Adelson, the lighting designer, was in charge of limiting glare off the partitions. And Randall Parsons, the set designer, managed the partitions themselves, rolling panels of clear vinyl that he called “spit guards.”
“We’re not ecstatic about this, but we’re doing what we have to do for the prime directive, which is safety,” said Parsons, who, like many of his colleagues, lost several jobs when the pandemic hit. “This is a new world for everyone. But I’m still like, ʻOh my God, I have a show!’”
Up the road, there were major complications for “Harry Clarke” as well. The play, starring Mark H. Dold and scheduled to open Aug. 9, was to be the first Equity-approved indoor production of the pandemic. And Barrington Stage went to great lengths to safeguard the theater: upgrading its air conditioning system to improve air filtering and circulation, removing most of its seats to ensure social distancing and replacing bathroom fixtures (to make them touchless) and assistive listening devices (to make them easier to clean). But, just six days before the first performance, still lacking permission from Massachusetts to stage indoor theater, the production decided it had no option but to move outside.

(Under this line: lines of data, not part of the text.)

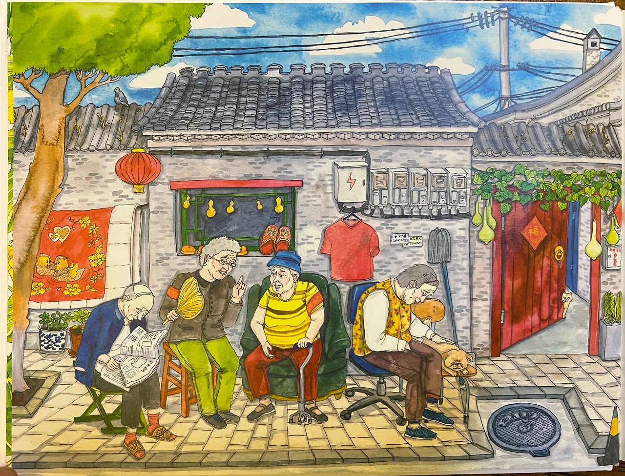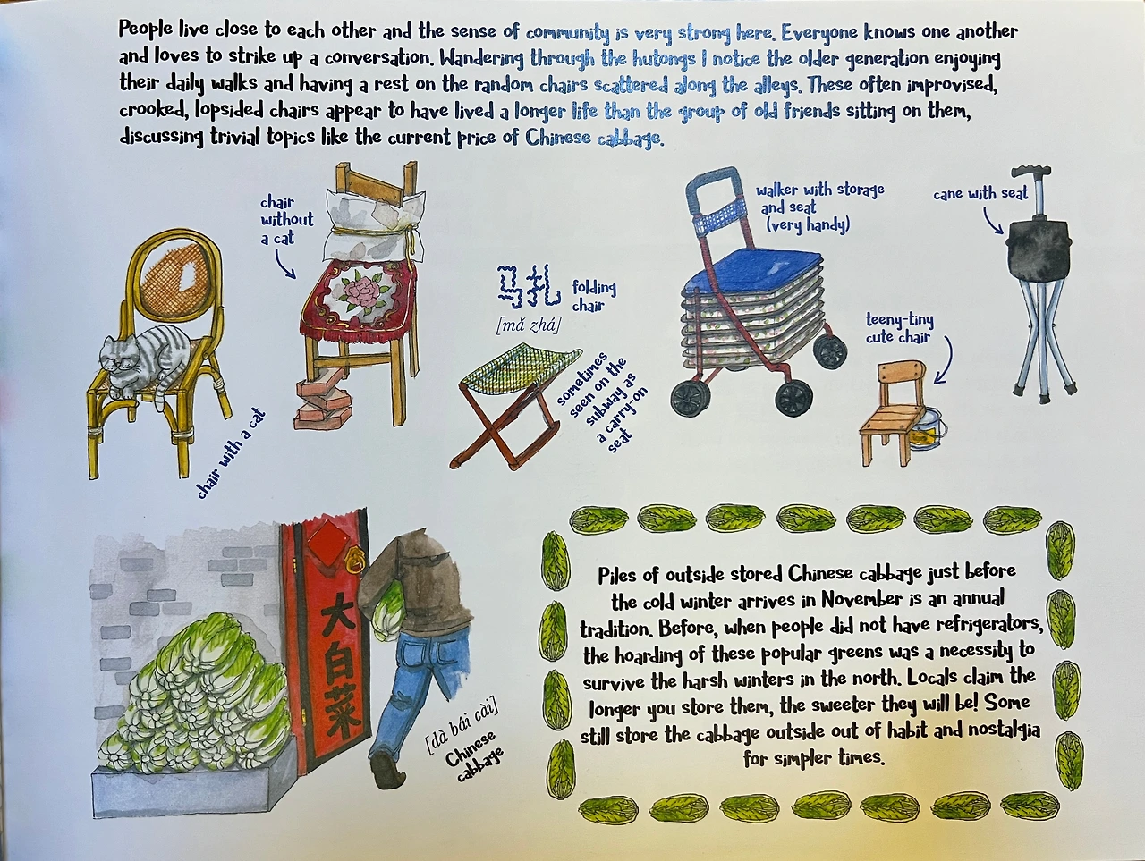 이곳 후통에서 사람들은 서로 가까이에 살며 공동체 의식이 매우 강합니다. 모든 사람들이 서로를 잘 알며 대화하는 것을 좋아합니다. 후통을 어슬렁거리다보면, 나는 노인들이 산책을 즐기며 골목 따라 아무렇게나 놓여진 의자에서 휴식을 즐기는 모습을 봅니다. 즉흥적이고 비뚤어지고 한쪽이 기울어진 의자들은 거기에 앉아서 지금 배추 가격이 얼마인지 등의 소소한 이야기를 나누고 있는 오래된 친구들보다 더 긴 삶을 살아온 것 같습니다.
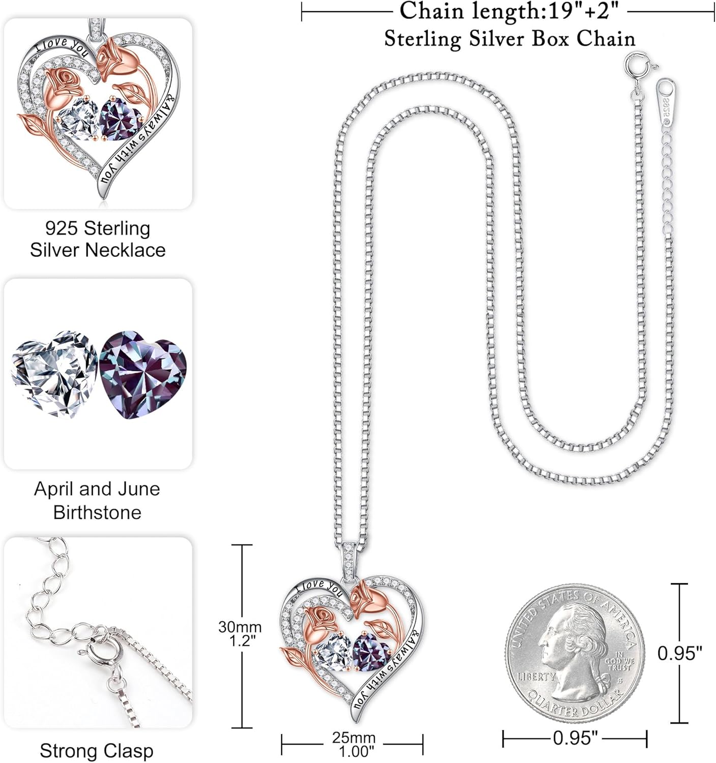 Iefil Birthstone Necklace for Women – 925 Sterling Silver Rose Heart Birthstone Necklace Birthday Anniversary Jewelry Gifts for Her Wife Mom Daughter
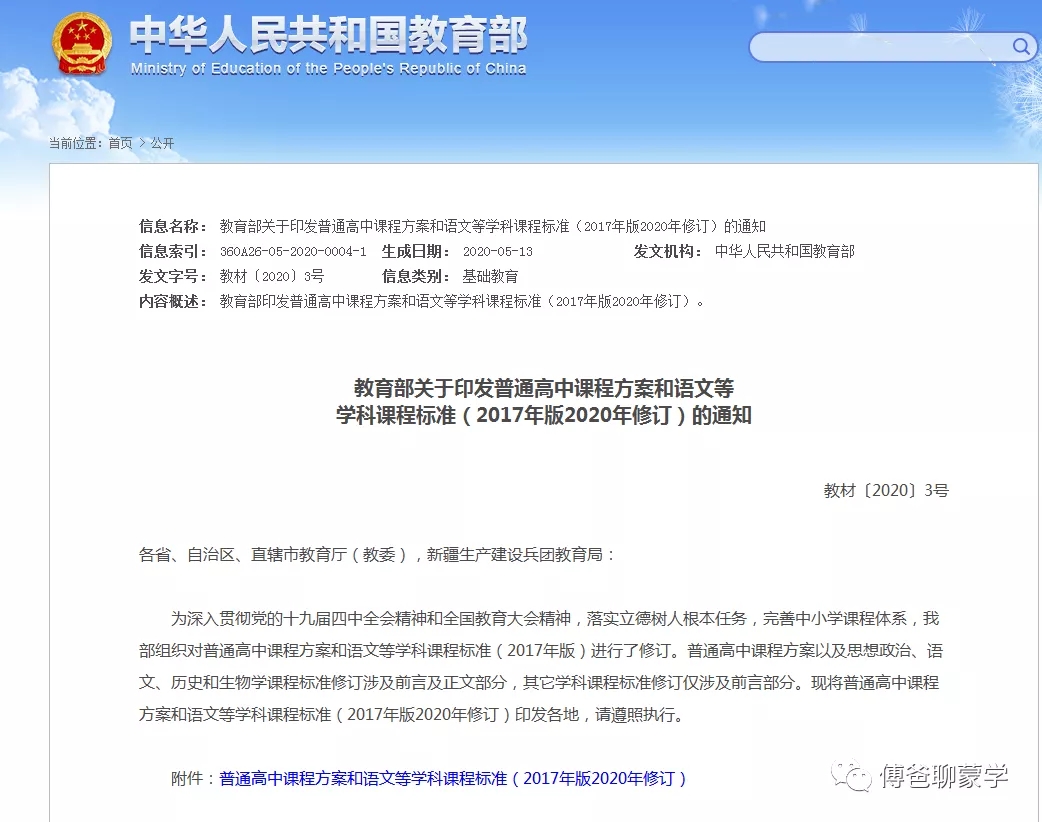 答:2020年6月3日,教育部发布《普通高中课程方案》(2017 年版 2020 年修订)与20门学科的《普通高中课程标准》(2017 年版 2020 年修订)。

That night, much of the “Godspell” cast gathered on the porch of the large house where they are isolating — mystified by some of the restrictions (why could they sit on the stage floor where others had walked, but not on chairs where others had sat?), frustrated with all the changes (why didn’t they just do a concert performance?), worried that, at any point, the show could be shut down.
Wartella, an elder statesman among the group as a father and a 34-year-old with three Broadway credits, reminded the others that chaos comes with theater. “There’s always stopped rehearsals with arguments and the director and choreographer screaming at each other,” he said. “This is just a different topic.”
Edwards, eating a burrito, cradling a script, and eager to get back to running lines with his cast mates, listened as the conversation drifted from the legacy of AIDS to masking practices in Japan.
“We’re risking our lives, but if this finishes and we don’t get sick, then whatever we’re doing is working,” he said. “Theater needs to be saved somehow.”